=== STUDY MATERIAL ===

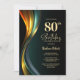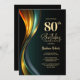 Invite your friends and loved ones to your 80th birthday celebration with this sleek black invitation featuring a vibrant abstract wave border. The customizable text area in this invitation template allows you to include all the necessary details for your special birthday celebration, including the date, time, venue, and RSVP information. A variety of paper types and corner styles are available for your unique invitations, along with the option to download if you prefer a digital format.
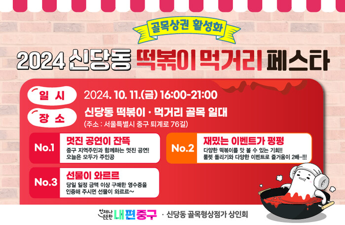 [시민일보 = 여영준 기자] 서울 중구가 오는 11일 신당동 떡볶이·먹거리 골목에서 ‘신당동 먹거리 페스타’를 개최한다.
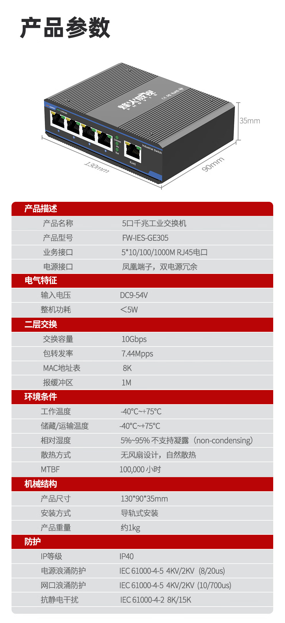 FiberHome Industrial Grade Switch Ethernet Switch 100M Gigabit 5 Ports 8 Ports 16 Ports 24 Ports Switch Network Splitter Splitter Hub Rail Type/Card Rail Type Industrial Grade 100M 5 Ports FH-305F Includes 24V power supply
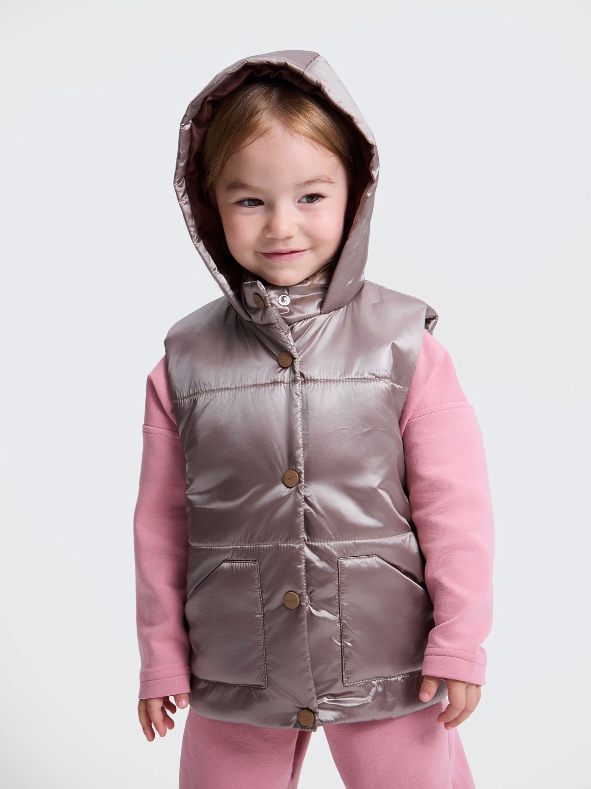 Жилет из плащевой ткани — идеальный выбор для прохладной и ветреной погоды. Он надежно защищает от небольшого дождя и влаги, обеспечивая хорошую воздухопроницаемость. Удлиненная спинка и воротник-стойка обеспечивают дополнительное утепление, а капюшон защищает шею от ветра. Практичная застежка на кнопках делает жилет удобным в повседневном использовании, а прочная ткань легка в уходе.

===
=== STUDY MATERIAL ===

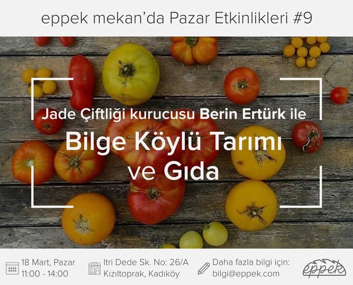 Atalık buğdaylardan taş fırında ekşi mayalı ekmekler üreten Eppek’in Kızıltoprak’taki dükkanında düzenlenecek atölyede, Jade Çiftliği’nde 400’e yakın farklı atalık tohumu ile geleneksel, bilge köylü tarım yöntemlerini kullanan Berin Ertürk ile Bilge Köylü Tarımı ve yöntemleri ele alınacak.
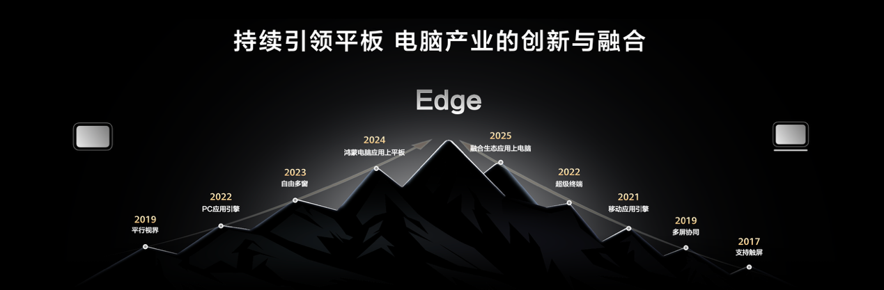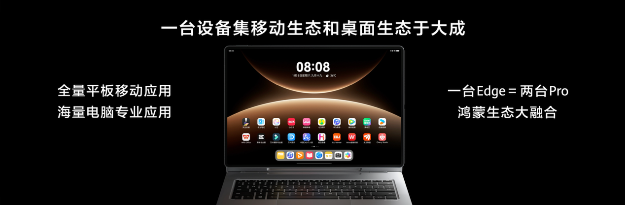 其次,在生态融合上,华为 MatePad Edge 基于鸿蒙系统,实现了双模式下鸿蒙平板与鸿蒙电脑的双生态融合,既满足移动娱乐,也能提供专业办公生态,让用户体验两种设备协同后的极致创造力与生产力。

===
=== STUDY MATERIAL ===

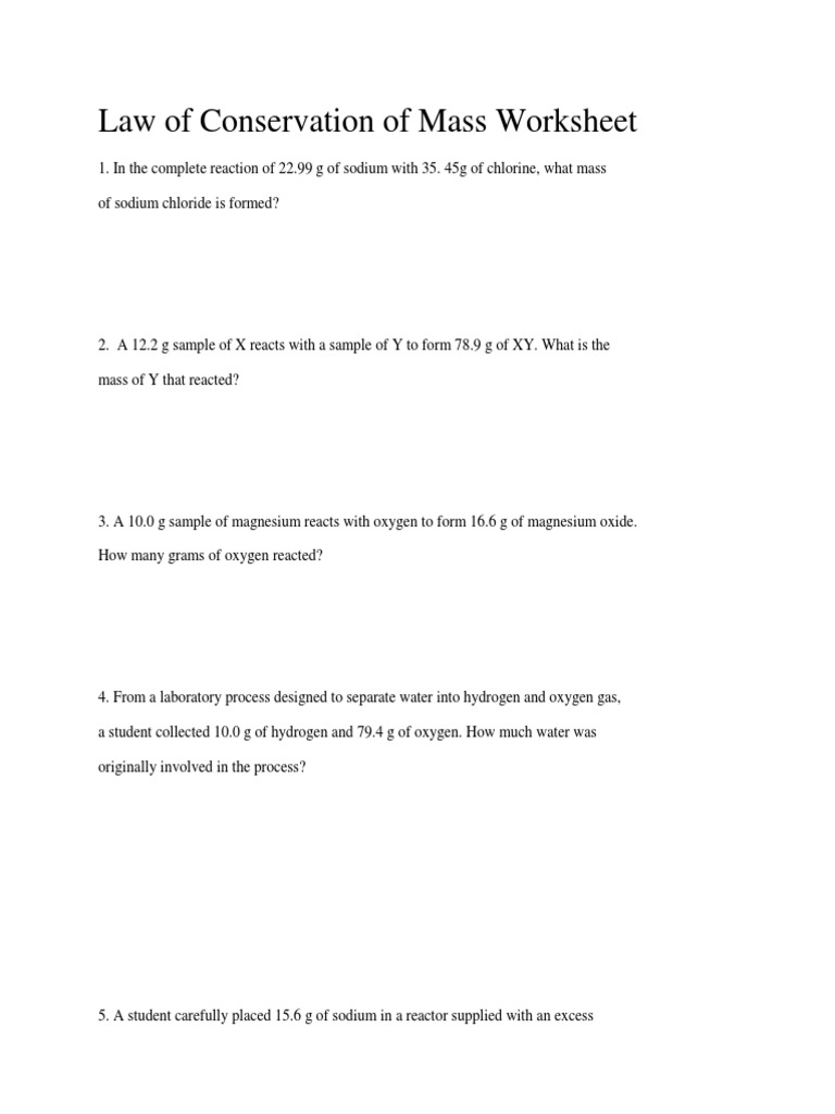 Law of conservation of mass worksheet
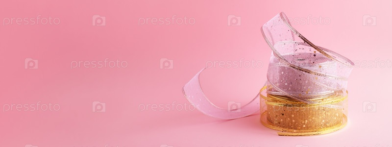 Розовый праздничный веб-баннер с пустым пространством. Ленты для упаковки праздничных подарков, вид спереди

===

WORK REQUIRED :: Keep to the stretch from the line containing "[시민일보 = 여영준" through the line containing "Жилет из плащевой", both ends included, and copy it exactly from the listing above, minus the pictures.

WORKED SOLUTION ::
 [시민일보 = 여영준 기자] 서울 중구가 오는 11일 신당동 떡볶이·먹거리 골목에서 ‘신당동 먹거리 페스타’를 개최한다.
 FiberHome Industrial Grade Switch Ethernet Switch 100M Gigabit 5 Ports 8 Ports 16 Ports 24 Ports Switch Network Splitter Splitter Hub Rail Type/Card Rail Type Industrial Grade 100M 5 Ports FH-305F Includes 24V power supply
 Жилет из плащевой ткани — идеальный выбор для прохладной и ветреной погоды. Он надежно защищает от небольшого дождя и влаги, обеспечивая хорошую воздухопроницаемость. Удлиненная спинка и воротник-стойка обеспечивают дополнительное утепление, а капюшон защищает шею от ветра. Практичная застежка на кнопках делает жилет удобным в повседневном использовании, а прочная ткань легка в уходе.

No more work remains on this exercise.